Alien: Monsters,Rape and Acid Blood

*This review contains images some may find distressing*

Alien (1979) is directed by Ridley Scott and stars Sigourney Weaver, Tom Skerritt, Ian Holme,John Hurt and Harry Dean Stanton. It circles the voyage of a futuristic space merchant vessel and its encounter with a horrifying space predator onboard the ship.

This is considered one of the greatest sci-of all time. Three years after Star Wars: a new hope (1977) revived the genre, Alien redefined it. Everything about this film was shrouded under eerie suspense. The poster was dark and minimalistic. The trailer does what amazing trailers should do: never show the monster. I can only imagine how intensely audiences reacted to this after the light and exciting Star Wars.

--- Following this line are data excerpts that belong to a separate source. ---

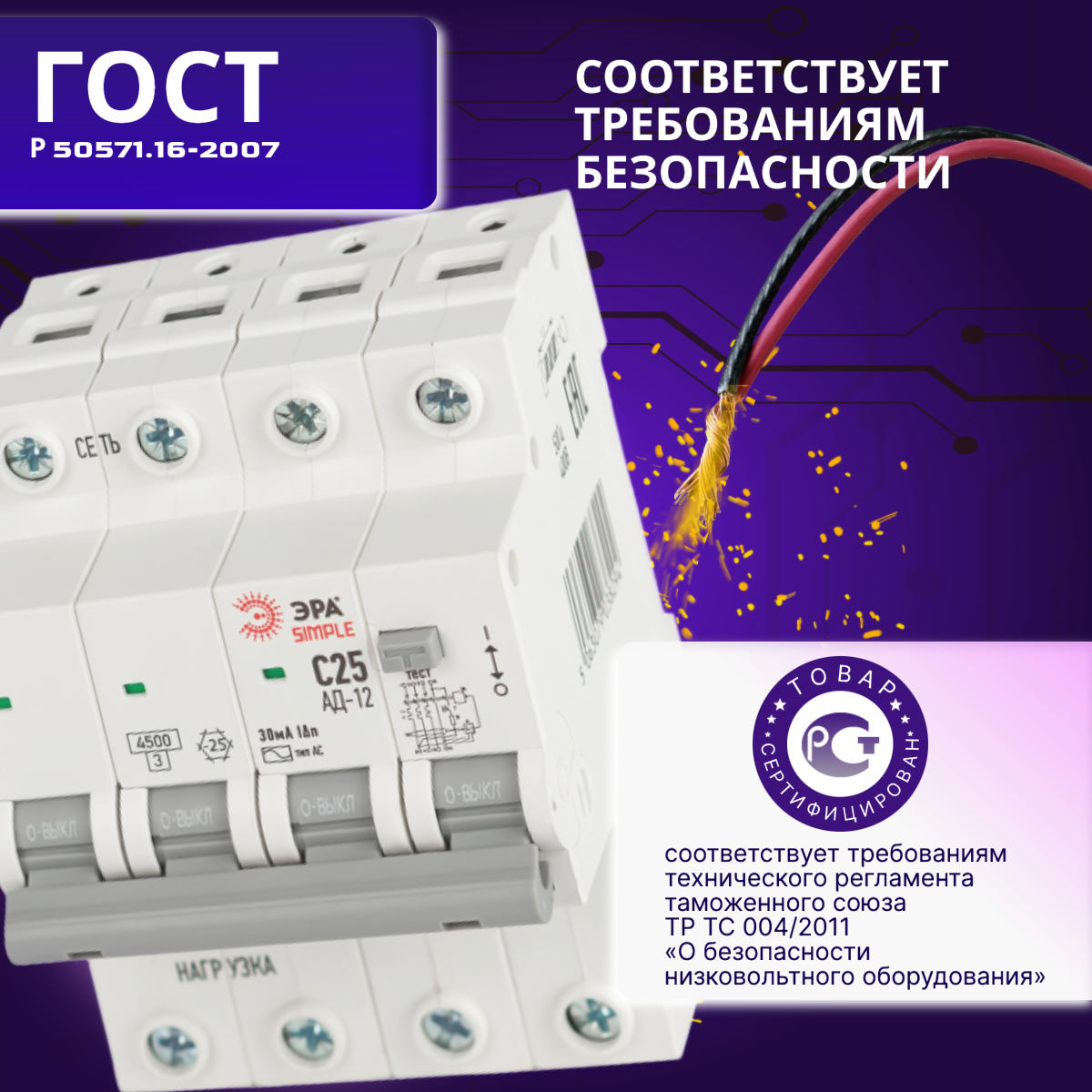 Дифавтомат 4P (3П+N) 25А 4.5кА 30мА C AC SIMPLE D12E4C25AC30 АВДТ АД-12 Б0058928 ЭРА 1шт интересное:
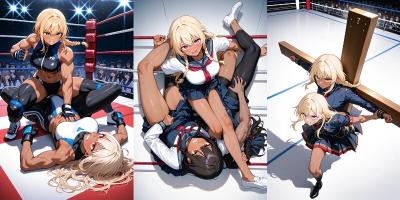 othergirl(柔軟な筋肉、金髪、ロングヘアー、絶望の顔)、苦しい顔、完璧な体、looking ahead 、十字固めを受ける、駆けよる審判、戦闘シーン、フルボディ、格闘リング、from above ダイナミック、高品質、8k
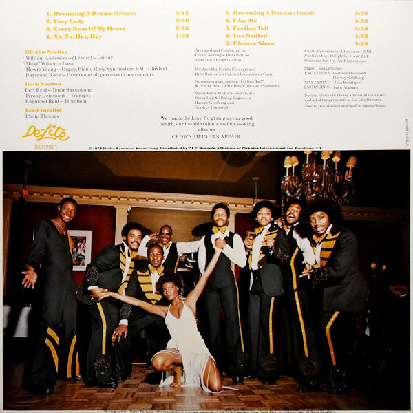 Retitled 1976 reissue of DEP-2017, "Dreaming A Dream", with remixed and retitled version of track A2. Printed in U.S.A. Produced [... for Cabrini Productions Corp. Recorded at Media Sound Studio Public performance clearance - BMI Published by: Delightful Music Ltd. Produced for: Mr. Vee Productions ℗ 1975 Delite Recorded Sound Corp. Distributed by PIP Records - A division of Pickwick International, Inc. Woodbury, N.Y. Photographed in the new elegance of the Cafe Cavallero, New York City, by the courtesy of Gene Cavallero The New York Sound Catalog numbers: DEP 2021 - Front, back, labels DEP-2021 - Spine
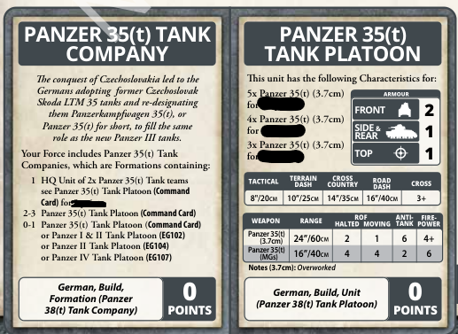 The book also shows the 35t command card. I think this may be the way to go if you want to field the most Czech tanks. Front armor two is going to die to any sort of decent AT gun but will at least survive the low-end options and heavy machine guns. You save a few points over the 38t, losing a point of side armor and two inches of movement. You can’t mix and match the 38t and the 35t. In a formation it’s one or the other.
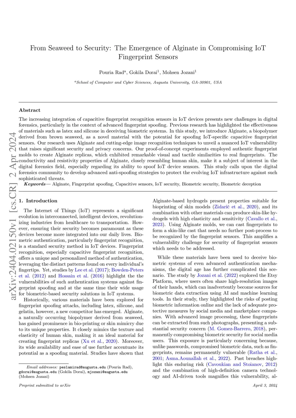 The increasing integration of capacitive fingerprint recognition sensors in IoT devices presents new challenges in digital forensics, particularly in the context of advanced fingerprint spoofing. Previous research has highlighted the effectiveness of materials such as latex and silicone in deceiving biometric systems. In this study, we introduce Alginate, a biopolymer derived from brown seaweed, as a novel material with the potential for spoofing IoT-specific capacitive fingerprint sensors. Our research uses Alginate and cutting-edge image recognition techniques to unveil a nuanced IoT vulnerability that raises significant security and privacy concerns. Our proof-of-concept experiments employed authentic fingerprint molds to create Alginate replicas, which exhibited remarkable visual and tactile similarities to real fingerprints. The conductivity and resistivity properties of Alginate, closely resembling human skin, make it a subject of interest in the digital forensics field, especially regarding its ability to spoof IoT device sensors. This study calls upon the digital forensics community to develop advanced anti-spoofing strategies to protect the evolving IoT infrastructure against such sophisticated threats.
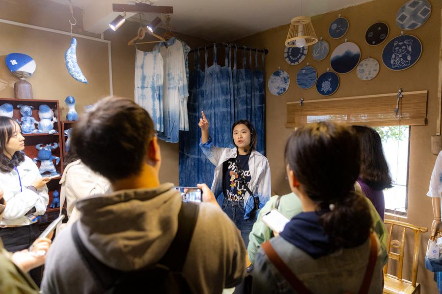 As she was looking around the village museum, an old photo of dye works caught her attention. Fascinated by this traditional craft, she decided to learn the necessary skills and go into business. By the end of 2021, she had established a tie-dying workshop and had become the inheritor of this county-level intangible cultural heritage.
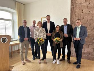 Neuer Schwung im Standesamt: Victoria Wörner hat im Juni die Nachfolge vom langjährigen Standesbeamten übernommen. In einem modernen und zugänglichen Standesamt sollen sich „alle Bürgerinnen und Bürger in allen Bereichen – ob Geburt, Eheschließung oder Sterbefall – gut aufgehoben fühlen. Es gibt auch ein erweitertes Angebot an Trauungen, mit im Team der Standesbeamten: Lisa-Marie Rieth, Fachbereichsleiter Klaus Pfaffmann und Erster Beigeordneter Eberhard Frankmann.

This was Scott’s first big film I believe, a pretty intense and risky move to cash in on the sci-fi hype at the time and then take it in a whole new direction. The film starts out with this ominous and dreadful cut where the vessel slowly flies over into the screen. The dreaded chill and disturbing sound effects from this forbidding spaceship is powerful. I would never want to go in it in real life, and full props to the set design for making it such an intimidating large yet claustrophobic vehicle. The entire film is filled with this nihilistic tension, and Scott masterfully crafts the suspense by panning the camera around the room whilst the crew are talking, always in the shadows. The film is full of steam pipes bursting and dark, poorly light tight corridors. The first person camera angle when a character runs through them really makes your heart race and increases the feeling of claustrophobia. You feel trapped and in more than one occasion I had to remind myself that I wasn’t in deep space but on a couch.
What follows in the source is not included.